May be the same as or different from each other. a ′ represents 3 to 8 . n is an average value and represents 0.5 <n ≦ 20. )
The epoxy equivalent is 300 to 1000 g / eq. Epoxy resin composition containing an der Ru epoxy resin and a curing agent. The epoxy equivalent of the epoxy resin of Claim 1 is 485-1000 g / eq. The epoxy resin composition according to claim 1. Hardened | cured material formed by hardening | curing the epoxy resin composition as described in any one of Claim 1 or Claim 2 . The following formula (2 ')

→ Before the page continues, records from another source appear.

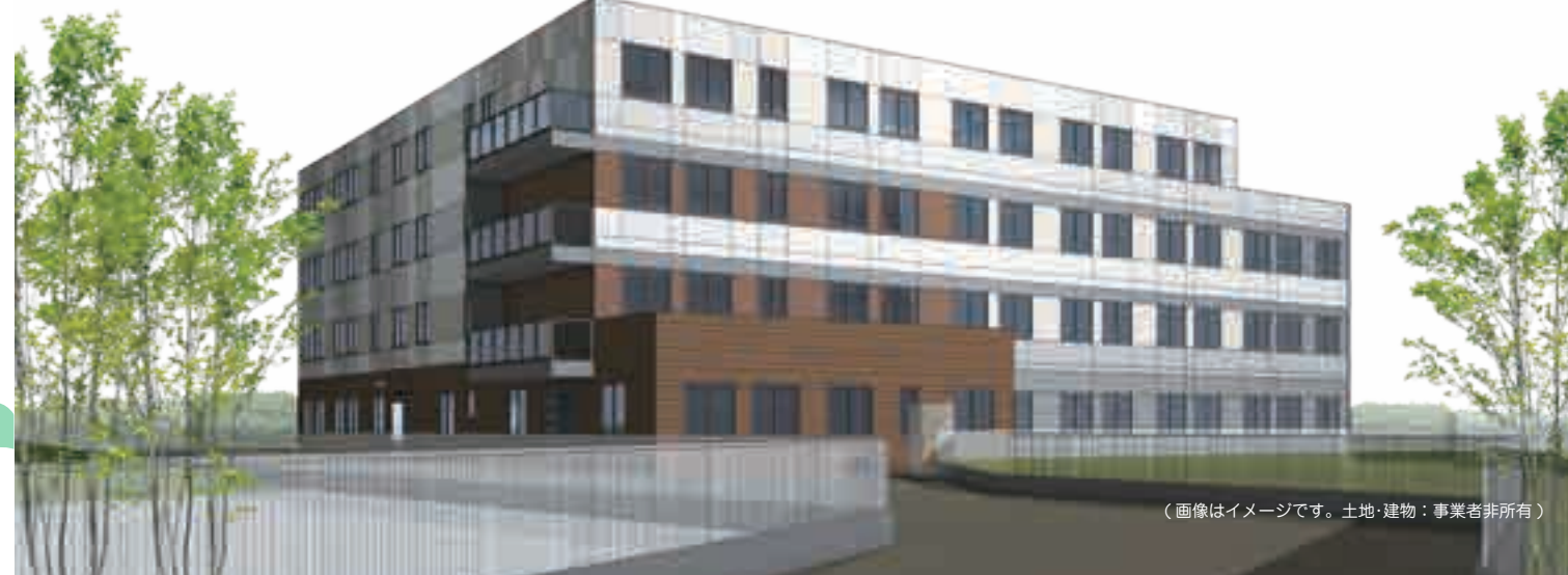
(画像はイメージです。土地・建物：事業者非所有)
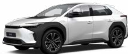
089 Bílá – perleťová perleťový lak, dostupný pro verze Comfort, Prestige a Premiere Edition 22 500 Kč
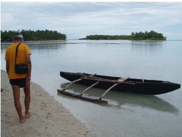
Langs stranda på Savave kunne vi finne en og annen kano av den tradisjonelle typen laget av en uthult trestamme

Andre dagen dro vi relativt tidlig i land. Det var en god del folk inne på land da vi kom. De stelte til "feast" eller etergilde som vi heller burde kalle det på norsk. Bakgrunnen var at en eldre mann døde for 5 dager siden. Dette var innspurten på begravelsesseremoniene. En del kvinner var i ferd med å flette kurver av palmeblad for å bruke til å ha maten på. Ellers hadde de laget en

(In the formula, R represents a hydrogen atom or a phenyl group. A ′ represents 3 to 8. )
Is reacted in the presence of an epihalohydrin and an alkali metal hydroxide to obtain a low molecular weight epoxy resin, and the epoxy resin is further reacted with the phenolic compound of the formula (2 ′), then the following formula you characterized by precipitating the added crystals antisolvent (1 ')
Following formula (1 ')

(In the formula, plural Rs independently represent a hydrogen atom or a phenyl group.

May be the same as or different from each other. a 'represents 3-8. n is an average value and represents 0.5 <n ≦ 20. )
In the manufacturing method of the e epoxy resin represented.